Heavier Than Heaven
- First edition
- Author: Charles R. Cross
- Language: English
- Genre: Biography
- Publisher: Hyperion
- Publication date: August 15, 2001
- Publication place: United States
- Pages: 381
- ISBN: 0-7868-6505-9
- Followed by: Room Full Of Mirrors - A Biography Of Jimi Hendrix

= Heavier Than Heaven =

2001 biography by Charles R. Cross

Heavier Than Heaven is a 2001 biography of musician Kurt Cobain, the frontman of the grunge band Nirvana. It was written by Charles R. Cross.

For the book, Cross desired to create the definitive Cobain biography, and over four years conducted 400+ interviews; in particular, he was granted exclusive interviews and access to Cobain's private journals, lyrics and photos, by his widow Courtney Love. Notably, neither Nirvana drummer Dave Grohl nor Cobain's mother contributed to the book.

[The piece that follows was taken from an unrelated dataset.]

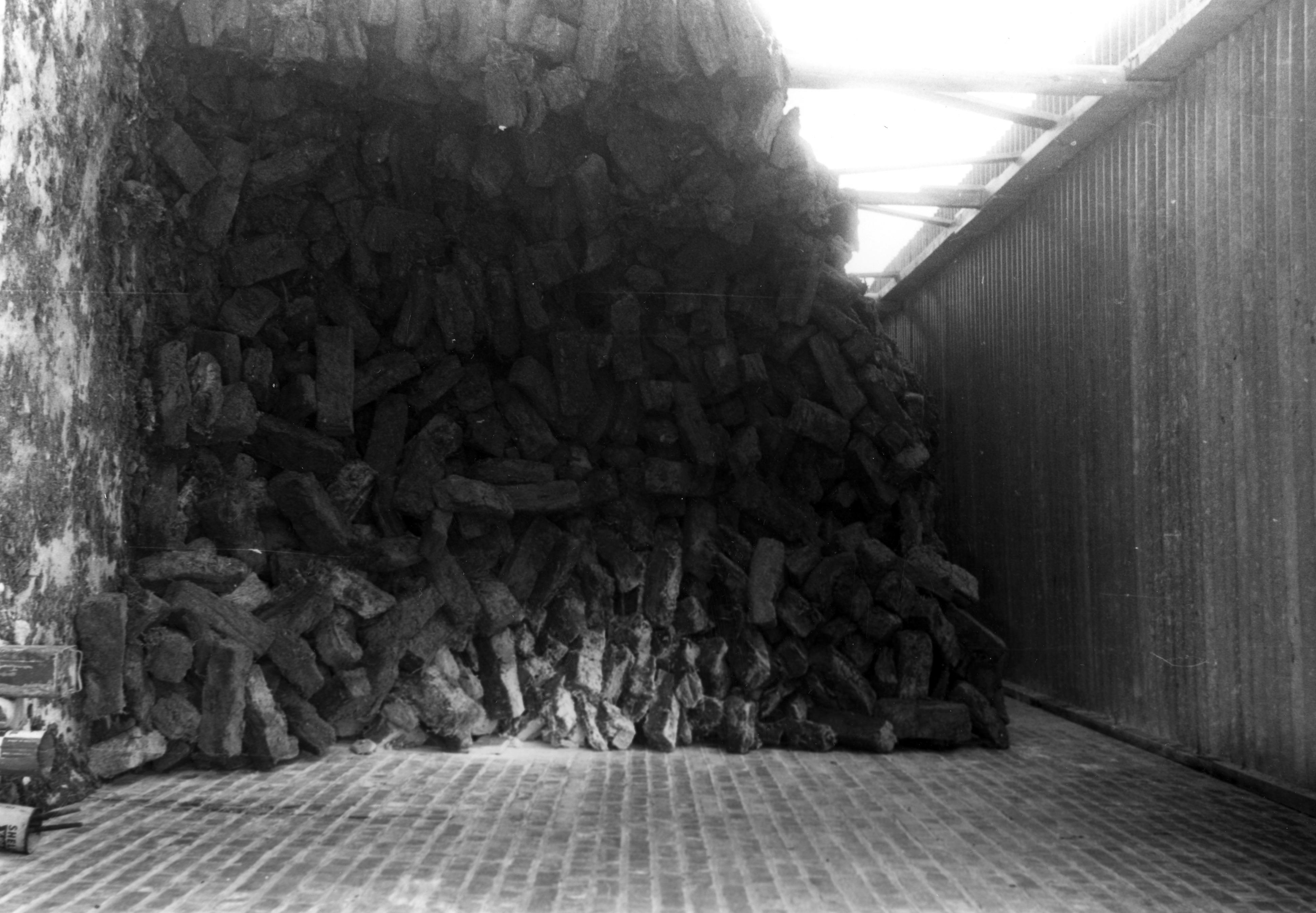 De turfopslagplaats van schelpkalkbranderij Veenstra in Sneek. Bij een schelpkalkbranderij worden schelpen gebrand voor de fabricage van schelpkalk, een grondstof voor mortel. Schelpen bestaan uit calciumcarbonaat (CaCO3). De kalk (CaCO3) wordt in een kalkoven tot meer dan 1000 °C verhit. Hierbij ontleedt deze kalk in calciumoxide (CaO) en koolzuurgas (CO2), dat vervluchtigt. Het oxide valt ...

Cross took the name "Heavier Than Heaven" from a tour Nirvana did with the band Tad in the United Kingdom. The lead singer, Tad Doyle, was very obese; the name, which was thought up by the tour promoters, was meant in part to poke fun at the inaccurate idea that Tad alone weighed more than all of the members of Nirvana put together.

==Reception==
While arguably the most complete Cobain biography, Cross opted to include his own impression of what Cobain's final days were like. Several people questioned the inclusion of fiction in what was claimed to be a non-fiction book. At the same time, Cross' desire for the book to be as complete as possible meant that he occasionally accepted secondhand (and incorrect) information as fact. The book was criticized as being a collaboration between Love and Cross by friends. Cross also did not interview Nirvana drummer Dave Grohl. However, beyond the criticism, the book contained many details about Cobain and Nirvana's career that had otherwise gone unnoted.

==Proposed film version==
David Benioff was hired by Universal Pictures in October 2007 to write a screenplay based on the Charles R. Cross biography. Courtney Love was to serve as executive producer, with Marc Forster showing interest in directing. However, in March 2009, Forster said that he was not going to direct the film but expressed hopes that it would be done well. In 2014, it was reported that the film was still going ahead. However, as of 2025, there is no news on whether or not the movie will be released.